Material and Methods

Clustering of cell lines by multiomics, drug sensitivity, and dependency data

For the clustering of cell lines based on RNA-seq data, we first conducted a principal component analysis for genes with a standard deviation larger than 0.4. The top ten principal components accounted for 41% of the total variance and were used for hierarchical clustering. For the clustering of RPPA and metabolomics data, we used all available features and did not filter the input features or perform principal component analysis.

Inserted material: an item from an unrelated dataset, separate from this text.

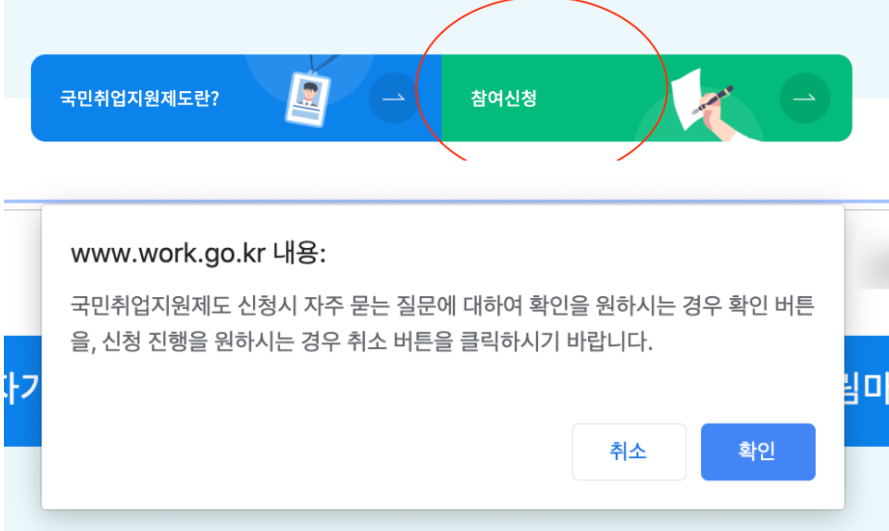 그러고 나서 국민 취업지원제도 공식 홈페이지에 들어가서 참여 신청을 누른다. 여기서 중요한 점은 참여 신청을 누를 경우 이렇게 주의 사항이 나오는데 여기서 반드시 취소를 클릭해야한다는 것이다. 무턱대고 확인을 누르면 다른 질문 페이지로 넘어가기 때문에 반드시 취소를 누른다.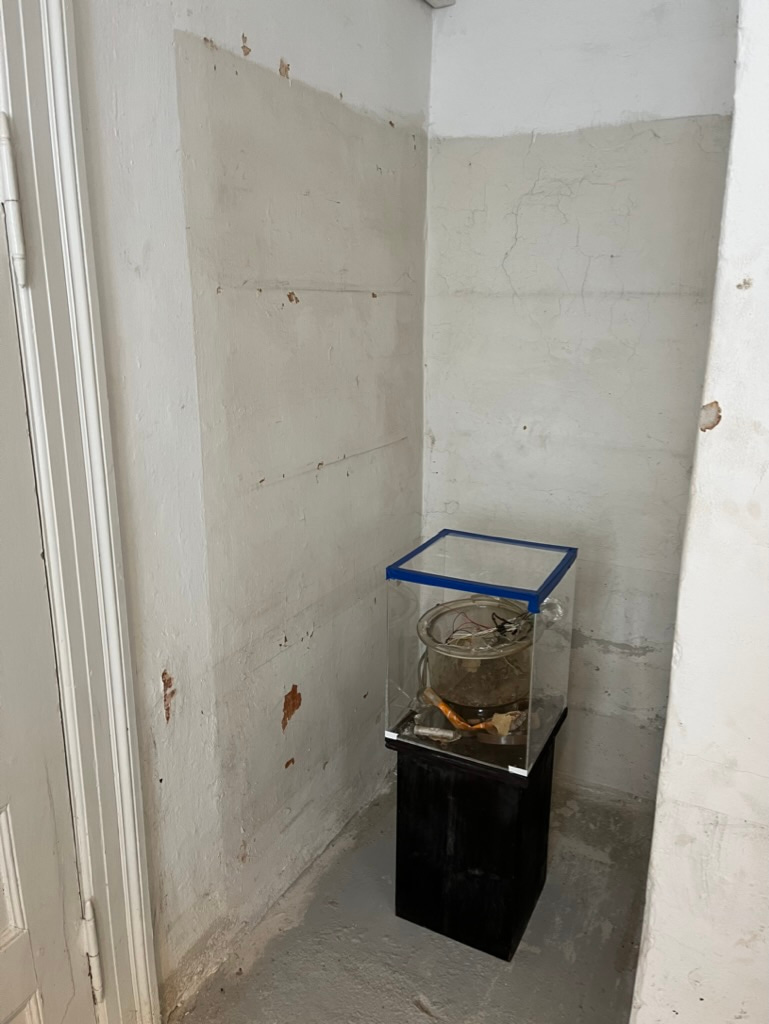 After another Covid-shutdown, we return to The Living Room to find Worm dome in a decomposing state. The bottom of the installation is blackish and mouldy, and residues cover the objects inside. Sealed and fragile the desiccator-environment marks our inabilities to control even such a small space. As we gaze in from the outside, we find comfort realizing that it is turning into a compost of rot and microorganisms granting it a new life.

Compared to the molecular profiling data, functional screening data tend to be noisier due to variations in experimental design or lack of differential sensitivity among the cell lines [13]. Therefore, for clustering dependency and drug data, we filter the input drug and dependency features by their consistency across multiple datasets. We collected nine compound screening datasets and three functional genomics datasets and conducted all possible combinations of pairwise correlations within the drug datasets and the dependency datasets respectively. For example, for a specific drug profiled by 4 datasets, C(4,2) = 6 inter-study pairwise correlation would be available, with each inter-study pairwise correlation assessing the measurement consistency for the same set of cell lines in two datasets. We then summarized these inter-study pairwise Pearson correlations by meta-analysis to generate consistency measures for each compound and gene [13]. For the clustering analysis in this study, we selected consistent dependency data features with r > 0.4, and for drug data, we selected consistent features with multiple comparison-adjusted p-values < 0.05. All hierarchical clustering was performed using Ward’s minimum variance method.

NE score computation

The original SCLC NE signature based on microarray gene expression data was described by Zhang et al. [14]. Here, we used the updated signature generated from RNA-seq expression[15]. A quantitative NE score can be generated from an NE signature using the formula NE score = (correl NE – correl non-NE)/2, where correl NE (or non-NE) is the Pearson correlation between the expression of the 50 genes in the test sample and expression/weight of these genes in the NE (or non-NE) cell line group. This score ranges from −1 to +1, where a positive score predicts NE and a negative score predicts non-NE cell types. The higher the score in absolute value, the better the prediction.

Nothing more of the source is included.